I'm working on scraping the lord of the rings movie scripts from this website here. Each script is broken up across multiple pages that look like this
I can get the info I need for a single page with this code:
library(dplyr)
library(rvest)
url_success <- "http://www.ageofthering.com/atthemovies/scripts/fellowshipofthering1to4.php"

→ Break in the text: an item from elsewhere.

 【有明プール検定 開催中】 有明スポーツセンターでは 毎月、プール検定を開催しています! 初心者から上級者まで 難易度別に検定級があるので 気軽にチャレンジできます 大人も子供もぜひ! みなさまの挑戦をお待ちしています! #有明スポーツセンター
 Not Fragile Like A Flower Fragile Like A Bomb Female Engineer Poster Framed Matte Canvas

success <- read_html(url_success) %>%
html_elements("#AutoNumber1") %>%
html_table()
summary(success)
Length Class Mode
[1,] 2 tbl_df list
This works for all Fellowship of the Ring pages, and all Return of the King pages. It also works for Two Towers pages covering scenes 57 to 66. However, any other Two Towers page (scenes 1-56) does not return the same result
url_fail <- "http://www.ageofthering.com/atthemovies/scripts/thetwotowers1to4.php"

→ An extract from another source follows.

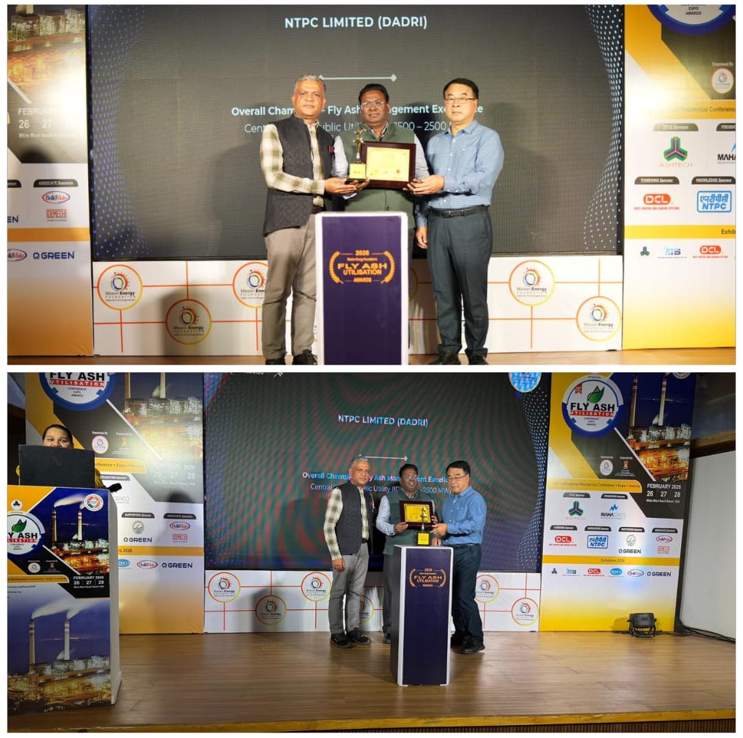 ग्रेटर नोएडा ।एनटीपीसी दादरी को गोवा में आयोजित 15वें फ्लाई ऐश उपयोग सम्मेलन एवं एक्सपो पुरस्कार 2026 में केंद्रीय क्षेत्र की सार्वजनिक उपयोगिता (1500–2500 मेगावाट) श्रेणी में “ओवरऑल चैंपियन – फ्लाई ऐश उत्कृष्टता” से सम्मानित किया गया। यह प्रतिष्ठित सम्मेलन एवं पुरस्कार समारोह मिशन एनर्जी फाउंडेशन द्वारा आयोजित किया गया, जिसमें देशभर के ऊर्जा क्षेत्र के विशेषज्ञों एवं प्रतिनिधियों ने भाग लिया। एनटीपीसी दादरी की ओर से धर्मेंद्र लाल, अपर महाप्रबंधक (राख उपयोगीकरण), ने यह सम्मान ग्रहण किया।एनटीपीसी दादरी में फ्लाई ऐश का उपयोग आंतरिक आवश्यकताओं के साथ-साथ सीमेंट, निर्माण कार्यों एवं अन्य उद्योगों में व्यापक रूप से किया जाता है, जिससे राख को संसाधन में परिवर्तित करने की दिशा में प्रभावी पहल की जा रही है। परियोजना परिसर में फ्लाई ऐश के वैज्ञानिक एवं सुरक्षित उपयोग के माध्यम से विकसित एक इको-पार्क भी विद्यमान है, जहाँ आज हजारों पेड़-पौधे फल-फूल रहे हैं। यह पर्यावरण संरक्षण, हरित आवरण वृद्धि तथा सतत विकास के प्रति एनटीपीसी दादरी की दीर्घकालिक प्रतिबद्धता का जीवंत उदाहरण है। यह सम्मान संगठन के जिम्मेदार, पर्यावरण-अनुकूल एवं सतत विद्युत उत्पादन के संकल्प को और सुदृढ़ करता है।
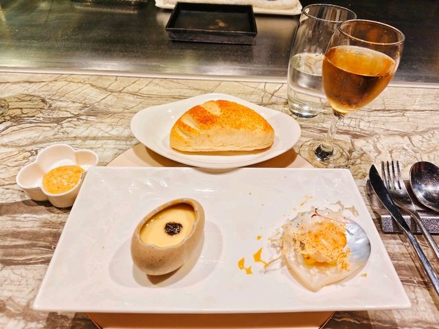 The Wowprime Group has always been favored by customers for its outstanding service. This time, I visited Chamuni New Champs-Élysées Teppanyaki (Taipei Zhongshan North Branch) for the first time❗ Upon entering, the high-end decor and the lively chatter of diners immediately set the tone, indicating the restaurant's popularity. To secure a spot, it's best to make a reservation at least a week in advance. Currently, there are three set menu options: NT$1190 (New Champs-Élysées Set), NT$1388 (Dream Wagyu Set), and NT$1488 (Steak & Surf and Turf Feast), with an additional 10% service charge. The pre-meal Parmesan cheese bread was so delicious that I couldn't resist asking for more. The sakura shrimp fried rice was refreshing and appetizing, and both dishes are refillable and can be packed to go❗ The truffle steamed egg, served in an adorable eggshell with scallops, was a visual delight❗ The design of the eggshell is just too cute 😘😚😍 This time, I dined with my husband and family. Everyone chose different main courses, so we could happily share and taste each other's dishes. The dish that amazed me the most was the pan-seared truffle filet mignon, cooked to a perfect medium rare, showcasing the tender and flavorful meat. If you order the brandy duck breast, you'll get to enjoy a flambé show🔥 right at your table. Watching the chef's performance while satisfying your hunger is truly a cool experience👍🤣🤣 The dessert did not disappoint. I chose the Pearl Avalanche Earl Grey Cake, and the moment I tasted it, I could tell the quality of the fresh cream was excellent. I'm not a big fan of sweets, but the small portion was just right and very satisfying. The ice cream was served with an edible moon-shaped cookie, further proving that Chamuni is a restaurant that caters to both the palate and the eyes❗

fail <- read_html(url_fail) %>%
html_elements("#AutoNumber1") %>%
html_table()
summary(fail)
Length Class Mode
0 list list
I've inspected the pages in Chrome, and the failing pages appear to have the same structure as the succeeding ones, including the 'AutoNumber1' table. Can anyone help with this?
CodePudding user response:
Works with xpath. Perhaps ill-formed html (page doesn't seem too spec compliant)
library(rvest)
url_fail <- "http://www.ageofthering.com/atthemovies/scripts/thetwotowers1to4.php"
fail <- read_html(url_fail) %>%
html_elements( xpath = '//*[@id="AutoNumber1"]') %>%
html_table()
fail
#> [[1]]
#> # A tibble: 139 × 2
#> X1 X2
#> <chr> <chr>
#> 1 "Scene 1 ~ The Foundations of Stone\r\n\r\n\r\nThe movie opens as the … "Sce…
#> 2 "GANDALF VOICE OVER:" "You…
#> 3 "FRODO VOICE OVER:" "Gan…
#> 4 "GANDALF VOICE OVER:" "I a…
#> 5 "The scene changes to \r\n inside Moria. Gandalf is on the Bridge … "The…
#> 6 "GANDALF:" "You…
#> 7 "Gandalf slams down his staff onto the Bridge, \r\ncausing it to crack… "Gan…
#> 8 "BOROMIR :" "(ho…
#> 9 "FRODO:" "Gan…
#> 10 "GANDALF:" "Fly…
#> # … with 129 more rows